I cannot reproduce your results.
See this IJulia notebook: http://nbviewer.ipython.org/urls/gist.githubusercontent.com/anonymous/24c17478ae0f5562c449/raw/8d5d32c13209a6443c6d72b31e2459d70607d21b/rgb2gray.ipynb
The numbers I get are:
In [5]:
#time rgb2gray_loop(rand(50,50,3));
#time rgb2gray_vec(rand(50,50,3));
elapsed time: 7.591e-5 seconds (80344 bytes allocated)
elapsed time: 0.000108785 seconds (241192 bytes allocated)
In [6]:
#time rgb2gray_loop(rand(500,500,3));
#time rgb2gray_vec(rand(500,500,3));
elapsed time: 0.021647914 seconds (8000344 bytes allocated)
elapsed time: 0.012364489 seconds (24001192 bytes allocated)
In [7]:
#time rgb2gray_loop(rand(5000,5000,3));
#time rgb2gray_vec(rand(5000,5000,3));
elapsed time: 0.902367223 seconds (800000440 bytes allocated)
elapsed time: 1.237281103 seconds (2400001592 bytes allocated, 7.61% gc time)
As expected, the looped version is faster for large inputs. Also note how the vectorized version allocated three times as much memory.
I also want to point out that the statement gray = similar(A,size(A)[1:2]...) is redundant and can be omitted.

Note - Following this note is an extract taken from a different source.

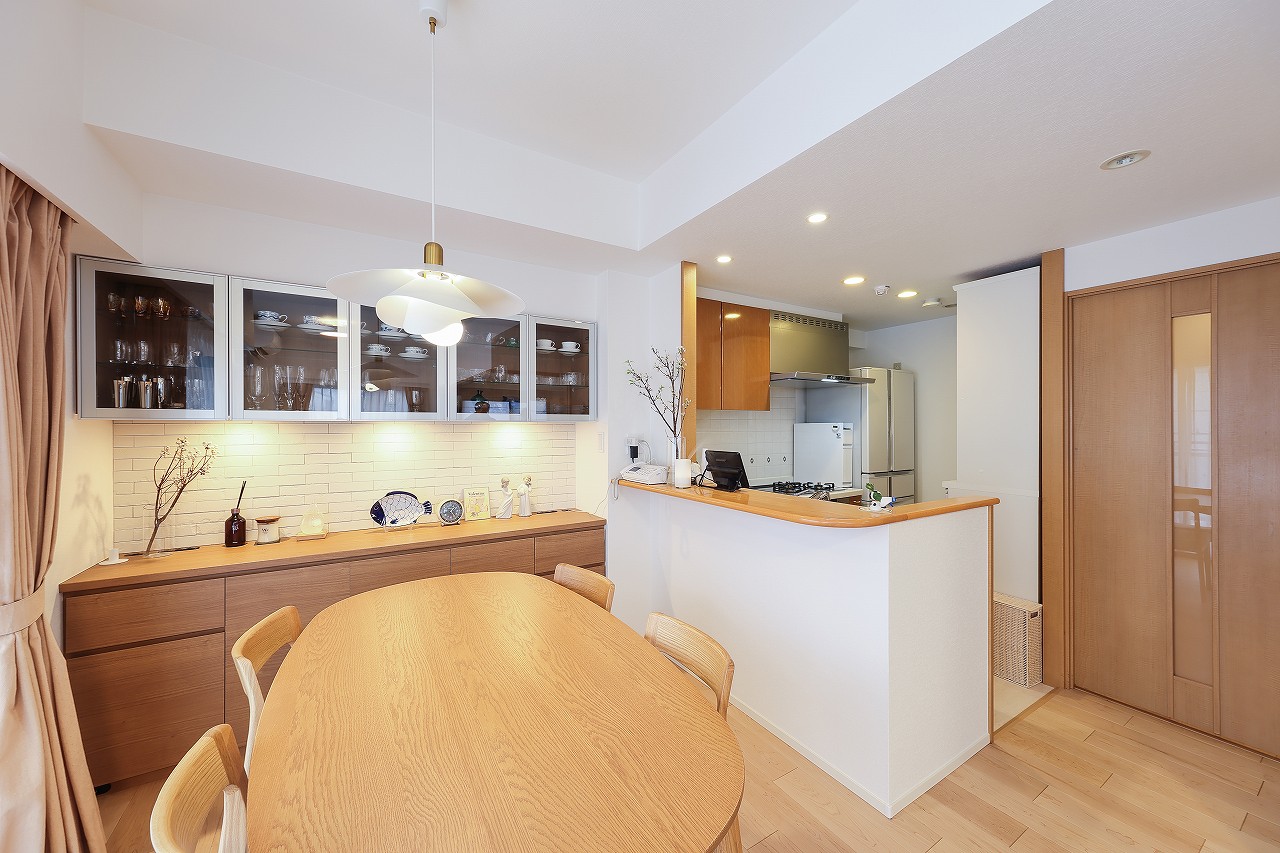 リフォームのもう一つの大きな目的が「オーダーメイドの食器棚を設置すること」でした。吊戸棚の扉には透明感のあるガラスを使用し、お気に入りの食器を美しくディスプレイできるように。下部収納は中が見えない扉付きとすることで、生活感を抑えたすっきりとした印象に仕上げました。
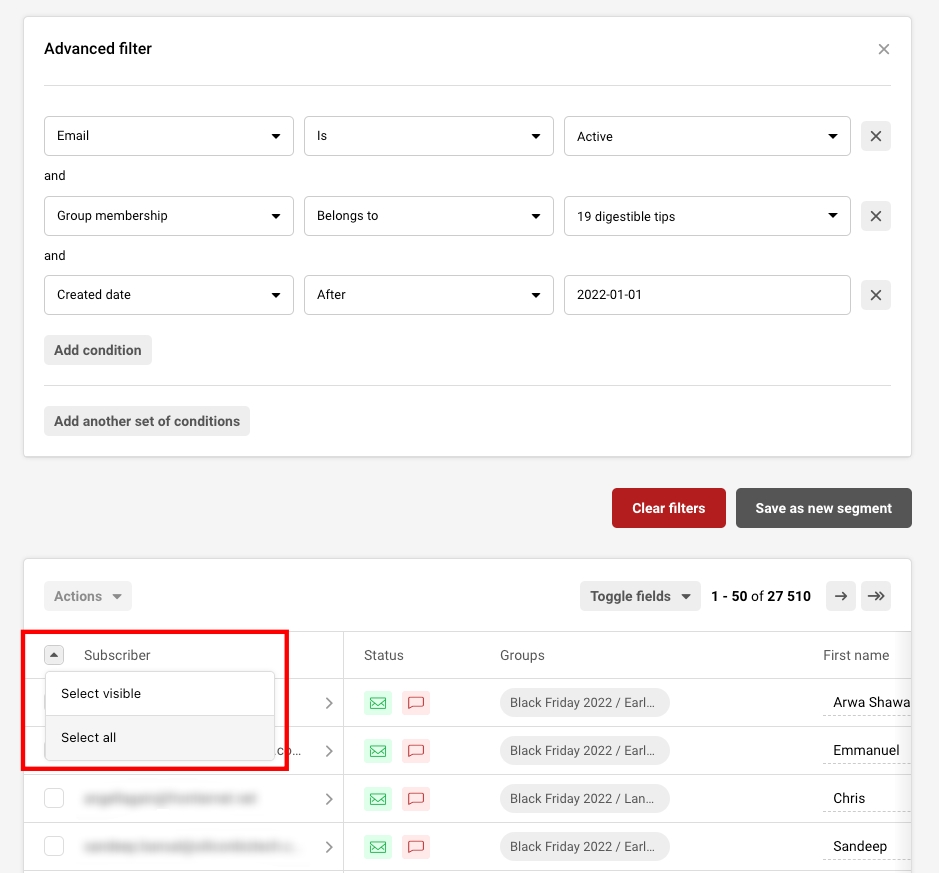 Once you select all the conditions, the system will filter the subscribers that match them. Then click the arrow at the top of the subscriber list and click “Select all”.

Without this unnecessary allocation, the results for the largest problem are:
#time rgb2gray_loop(rand(5000,5000,3));
#time rgb2gray_vec(rand(5000,5000,3));
elapsed time: 0.953746863 seconds (800000488 bytes allocated, 3.06% gc time)
elapsed time: 1.203013639 seconds (2200001200 bytes allocated, 7.28% gc time)
So the memory usage went down, but the speed did not noticeably improve.